As part of the Oqton Engineering team, you will contribute to critical aspects of Oqton’s services throughout the entire development cycle:
- You will engineer, deploy, maintain and run parts of our stack: in-house built software, open source based solutions and off-the-shelf stacks
- You will engineer cloud setups on GCP, Aliyun, Azure, AWS and others; using cloud services
- You will engineer Kubernetes based solutions
- You will be a production and operations domain expert to the development teams, guiding and advising on how to best implement services, serve our customers, and iterate once a service is in production
- You will work with the engineers and the teams to achieve reliability through engineering, monitoring, logging and reporting
- You will respond to problems, analyse and debug, and work to resolve these.
What we seek:
- Bachelor or master’s in computer science, IT or similar fields
- Multiple years of experience working in similar functions
- Understanding of deployments at scale
- Security-first mindset
- Experience in devops/gitops, site reliability and/or infrastructure engineering in a quickly growing company using cloud-native technologies
- Strong knowledge of Linux, and basic knowledge of other OS systems
- Infrastructure as code using tooling and frameworks (terraform, helm...)

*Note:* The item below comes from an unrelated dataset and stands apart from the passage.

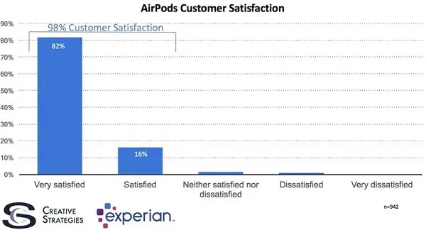 + According to the same study users are mainly satisfied by the convenience of a wire-free experience when wearing the new earbuds.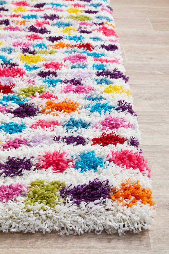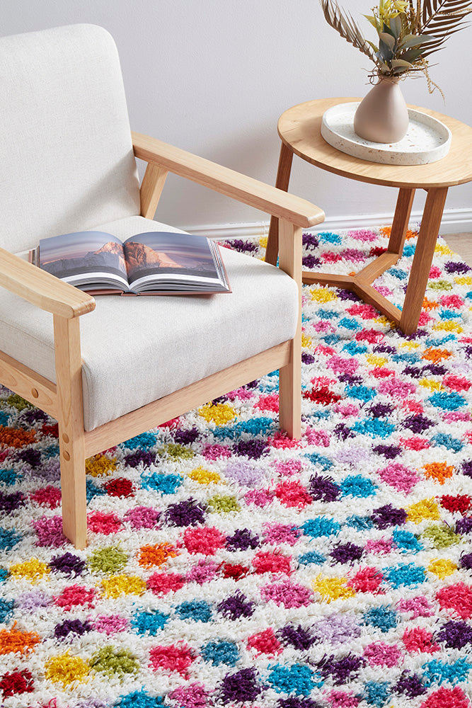 Bursting with personality, Vegas is sure to brighten up your floors with its vibrant playful design. This fabulous low-pile shag style rug showcases a stunning display of multi-coloured dots that make it a great choice for electric interiors and kids playrooms.

- Experience with deploying, using and debugging Kubernetes in production
- Experience with public cloud providers (GCP, AWS, Azure or Aliyun)
- Experience with Kubernetes in production
- Experience with observability, monitoring and logging stacks in production at scale
- Effective with CI/CD pipelines (e.g. CircleCI, Github actions, Travis CI or GitLab)
- Experience with Docker and working in a highly containerised environment in production
- Proficient scripting experience (Bash, ZSH, scripting languages)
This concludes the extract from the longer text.